Tuesday, January 10, 2017

Military Autism Families Fear Loss of Services Amidst New TRICARE Policies

An ABA therapist working on fine motor skills
with a military child on the spectrum.
It's the same fight, different year for many autism families across our country.  As TRICARE rolls out new policies the ABA and military autism communities are scrambling to figure out what it all means and unfortunately it doesn't look good.  ABA is an autism behavior therapy that is currently one of the only treatments endorsed by the medical community to address maladaptive behaviors, help overcome deficits and delays, and provide autistic individuals the tools they need to communicate their wants and needs.  This therapy has been known to do everything from giving a nonverbal child words to reducing severe aggression.  It can reduce dangerous behaviors such as bolting and self-injury.  It can potty-train an 8 year who is still in diapers.  It can teach an autistic child how to feed and dress themselves.

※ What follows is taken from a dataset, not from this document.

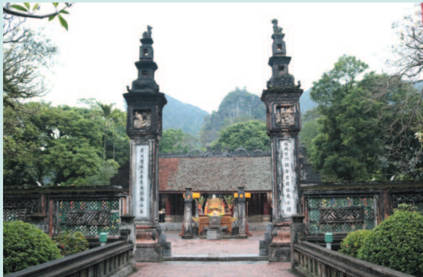
Di tích lịch sử - văn hóa Cố đô Hoa Lư là một quần thể di tích quốc gia đặc biệt

Là vùng đất “địa linh nhân kiệt”, Ninh Bình không những được tạo hóa ban tặng nhiều cảnh quan thiên nhiên hùng vĩ, độc đáo mà còn là nơi lưu giữ nhiều di tích lịch sử - văn hóa, công trình kiến trúc tôn giáo đặc sắc. Trong đó, di tích lịch sử - văn hóa Cố đô Hoa Lư là một quần thể di tích quốc gia đặc biệt. Hoa Lư là kinh đô đầu tiên của nhà nước Đại Cồ Việt, nhà nước phong kiến trung ương tập quyền đầu tiên, nơi phát tích sự nghiệp 3 triều đại: Đinh - Tiền Lê và khởi đầu triều Lý.

Many autism families will attest that ABA therapy is value added.  Bonnie K. (autism parent) describes what a game changer ABA has been for her family: "ABA was a huge help for our family. My son went from combativeness and aggression to cooperative and able to attend school."  Because of similar testimonies and clinical findings most healthcare and state services are moving in a direction that will get more families covered (thanks to the tireless lobbying efforts of Autism Speaks and other organizations 45 states have now signed on to autism insurance reform).  While most state and private insurers are moving towards more coverage for autism families, TRICARE is making it more difficult to access the autism services it already covers.  TRICARE requires more ABA provider credentialing than any other insurance, which is costly and time consuming for providers making TRICARE patients harder to serve.  Their new policy (which was released at the end of November and started implementation on January 1st of this year) mandates providers administer and submit a behavior inventory every year for services to continue. This is in addition to the re-authorizations that need a specialist referral and severity level to be submitted every six months that families are already burdened with acquiring.  Many families have already had reauthorizations rejected in the new year due to the short notice for the required behavior inventory.  Thus military kids are already losing services due to the new ill-planned policy changes.
A military child with autism works on gross
motor and transitions with his therapist.

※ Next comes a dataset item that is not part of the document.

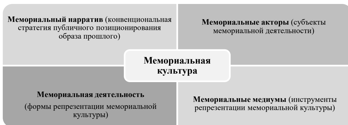
Рисунок 3 - Структура мемориальной культуры (критерий функциональности)

Обозначим сущность каждого из указанных на рисунке 3 компонентов мемориальной культуры.

And that's not the worst of it.  The policy that most worries providers and families alike is the new requirement that already diagnosed kids will need to have diagnosing evaluations re-administered every two years to continue services.  The evaluations must be administered by an autism diagnosing specialist, many of whom have waitlists 12-24 months long for an initial evaluation.  And many of whom will not entertain the idea of taking up a valuable 2 hour evaluation slot for a child who already has a diagnosis when so many kids are awaiting initial diagnosis so they can start receiving services.  The new requirement that seems to be seeking a new diagnosis for a lifelong disorder has everyone pretty confused.  Military spouse Cassie J. voiced her frustration with the changes: "I'm just dumbfounded at re-diagnosing every two years. Are they supposed to outgrow autism?! The need for ABA may change, but the diagnosis itself will never change if they were initially correctly diagnosed by a qualified provider." 


An ABA therapist practices walking in the "wrong" direction
with her client.  He has struggled for months with rigidity
as to which way they can walk from his home.
Despite military health care facilities' continual pleas that they are undermanned and unable to carry out such testing, TRICARE has moved ahead with the new policy.  Military families are already facing waitlists every time they move, possible regression every time they move and nationwide provider shortages.  Provider and autism parent Kerri A. states, "As a parent, waitlists are already long. My children have been without services for 6 going on 7 months since we moved."  Advocates point out with the new testing requirements access will only be further restricted.  While families wait to be retested many fear they will lose services during critical times.  Autism parent Kimberly G. cannot imagine what such a loss would mean for her son. "ABA has changed our lives. I went from having a non-verbal, angry, unresponsive child to a verbal, happy, connected child. We went from not being able to leave our home due to meltdowns and anxiety to being able to go grocery shopping and go to church. My child went from not interacting with peers to being a kid that loves being around others and asks to play with friends. He is thriving...Losing services would be detrimental to him right now because he is on such a good path. He loves his therapists and the change in him is remarkable.  We live in a small town with one ABA provider. They are overloaded as it is. Having to deal with re-testing and re-authorizations, especially as slow as TRICARE moves, would be a disaster for us." 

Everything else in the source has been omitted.